The health and wellbeing of adolescents play a critical role in their overall growth and development. However, the lack of comprehensive local data on adolescent health, particularly in lower-resource settings is hampering efforts to promote healthy behaviors and policies for adolescents, especially those in schools.
To fill this gap and generate new data and information, World Health Organization (WHO) with support from Botnar Foundation is implementing a project dubbed “Empowering adolescents to lead change using health data” with the aim of generating adolescent health information from students in cities across four low- and middle-income countries, comprising Fez, Morocco; Jaipur, India; Saint Catherine Parish, Jamaica; and Sekondi-Takoradi, Ghana.
This initiative leveraged existing WHO tools such as the Global School-based Student Health Survey (GSHS) to assess health behaviours and protective factors among students, and the Global School Health Policies and Practices Survey (G-SHPPS) to assess school policies that promote the health of students.

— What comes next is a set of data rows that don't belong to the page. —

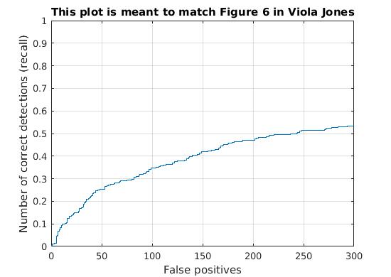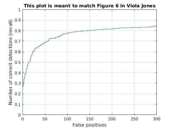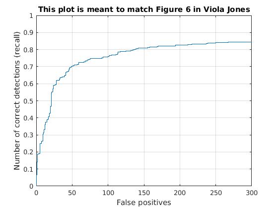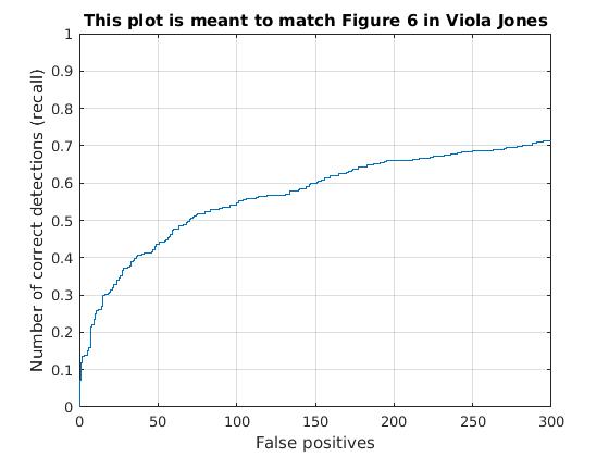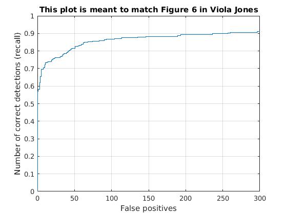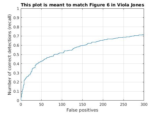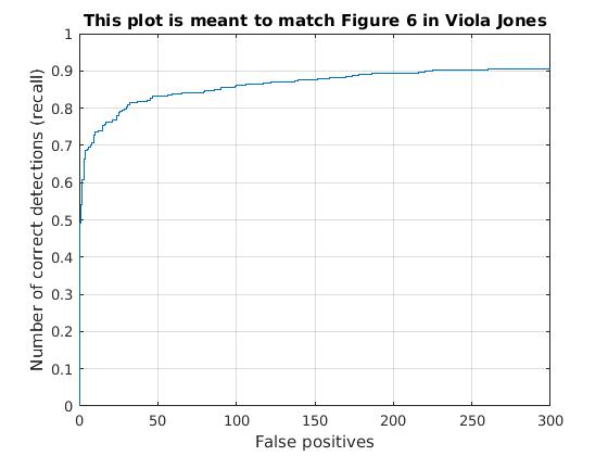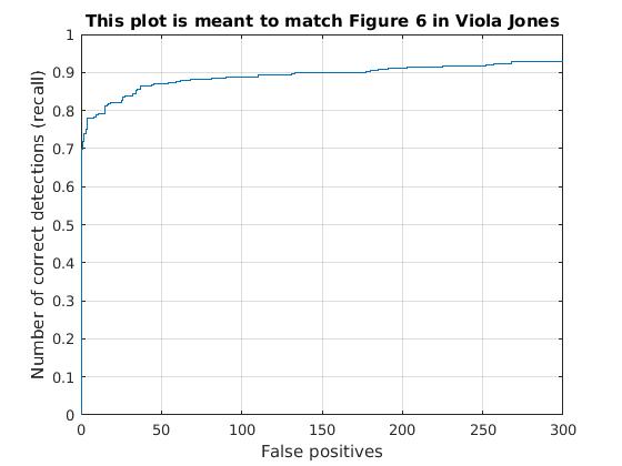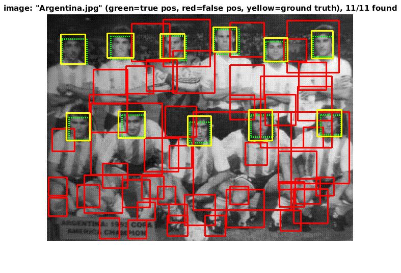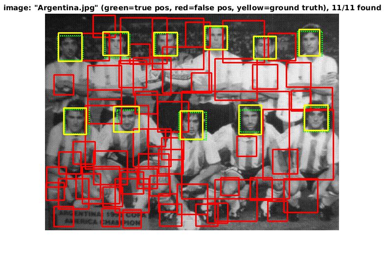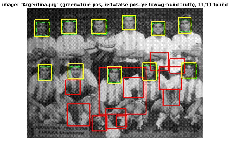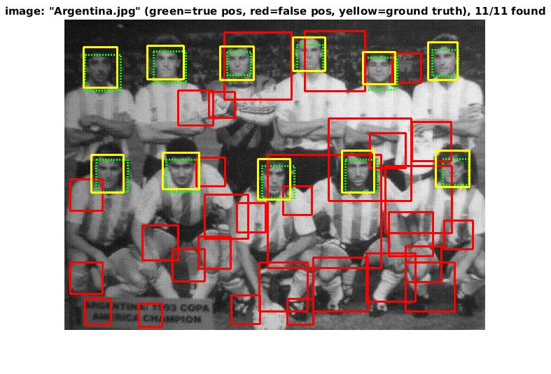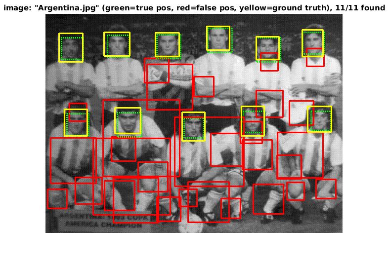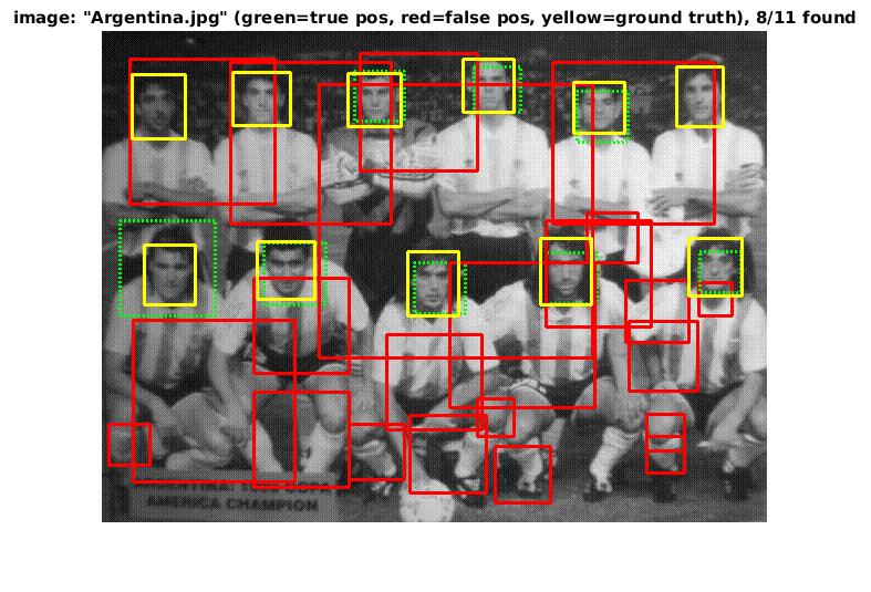 The above figure displays average precision/recall curve, recall/false positives, and a sample image of detected faces, respectively. The average precision only reaches 64.5%, in contrast to the provided vl_feat hog features. The sample image shows detected faces. Though all faces are found, a number of false positives are also reported. |
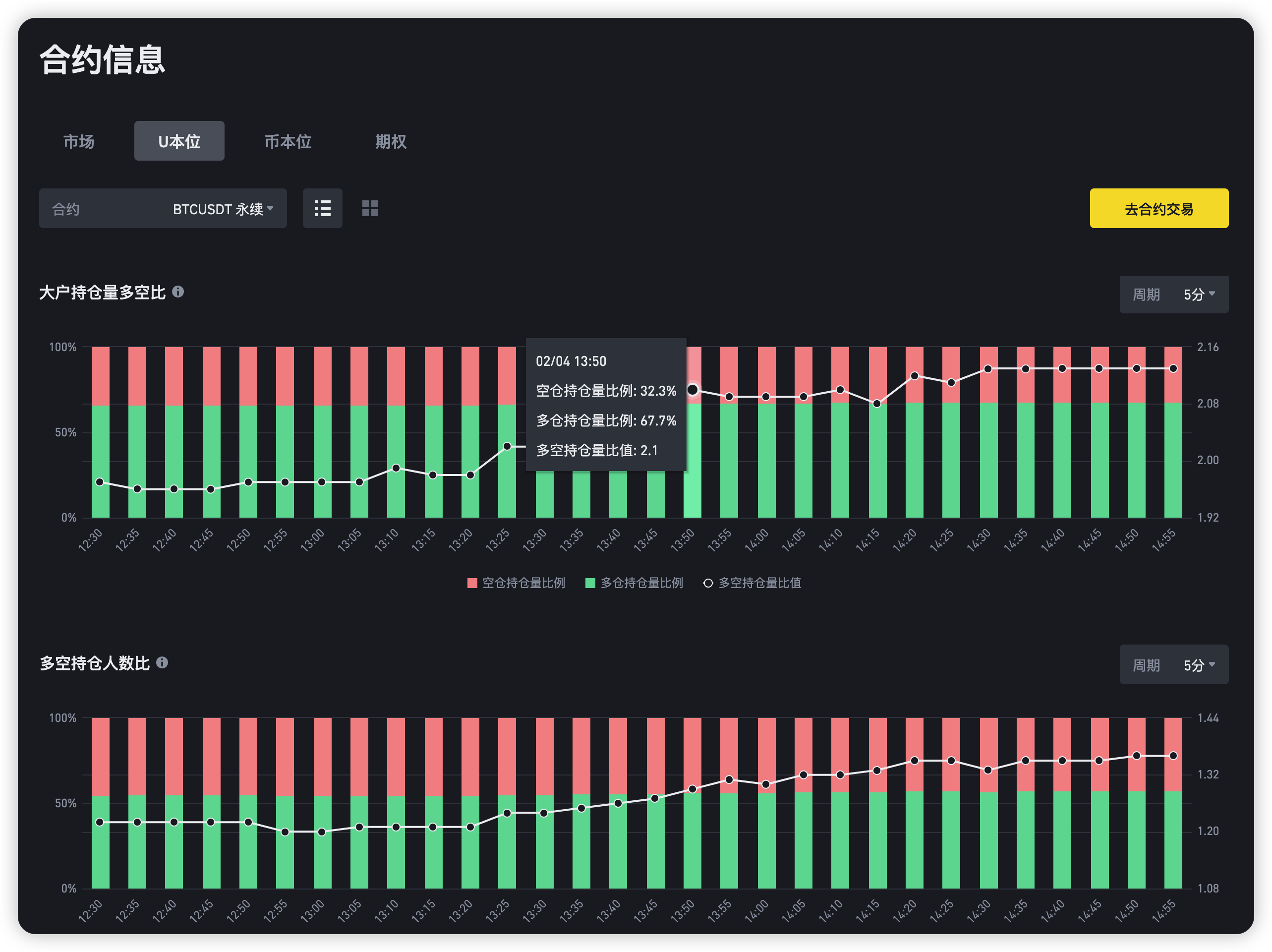 - 多空比是衡量市场多空力量对比的指标。它通常通过计算市场中多头持仓量与空头持仓量的比例来得出。一般可以看多空人数
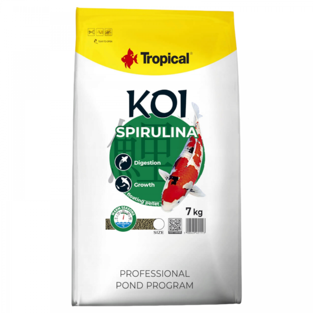 Tropical Koi Spirulina je hrana u obliku peleta koja tone. Koristi se za svakodnevnu ishranu Koi šarana kbogata kvalitetnim proteinima koji ubrzavaju rast ribe i pomažu u razvoju sjajnog oblika tela i poboljšanju kondicije ribe. Pojačava prirodnu boju riba.
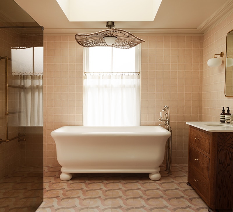 The central bathroom offers a playful shift in tone. Wrapped in bold encaustic tiles inspired by South American stencils, the space feels vibrant and tactile. “It’s a really fun explosion of joy and colour,” Janaye says.
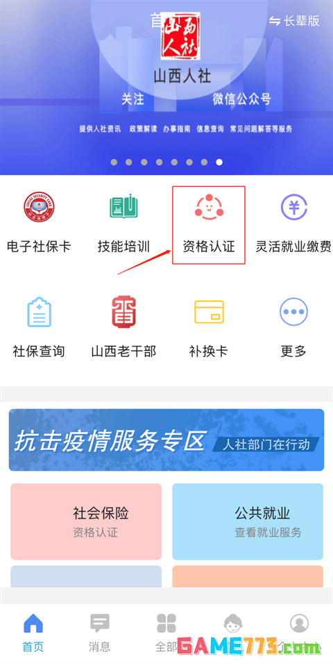 4、进行养老资格认证,返回“民生山西”的主页面,点击“社会保险”进入,或者左上方点击“资格认证”进入,点击“认证”,跳转至拍摄画面,按语音提示要求对准你的头正面脸部,进行【刷脸】认证(系统可自动识别),当显示“已通过”表示刷脸成功。(注:如果重复刷脸认证不成功,不要着急,多试几次)

In Ghana, this initiative, which is being implemented in partnership with the Ghana Health Service and the Ghana Education Service has empowered adolescents in the Sekondi-Takoradi Metropolis to have a voice on their health needs and contribute to developing sustainable solutions towards overcoming health barriers.
“Previously, my friends and I only discussed some of these challenges among ourselves in secret,” said Samuel Quayson, a 15 year old student at the Nana Badu Bonso Junior High School in Takoradi. “I am happy that for the first time, we had an opportunity to voice it out through the surveys that were conducted and now we are being involved in discussions with decision makers.”
Findings from the studies that were conducted revealed significant mental health challenges among adolescents, with a quarter of the students surveyed reporting to have attempted suicide. The students also identified domestic violence school bullying and cyberbullying as some of the challenges affecting their health and wellbeing.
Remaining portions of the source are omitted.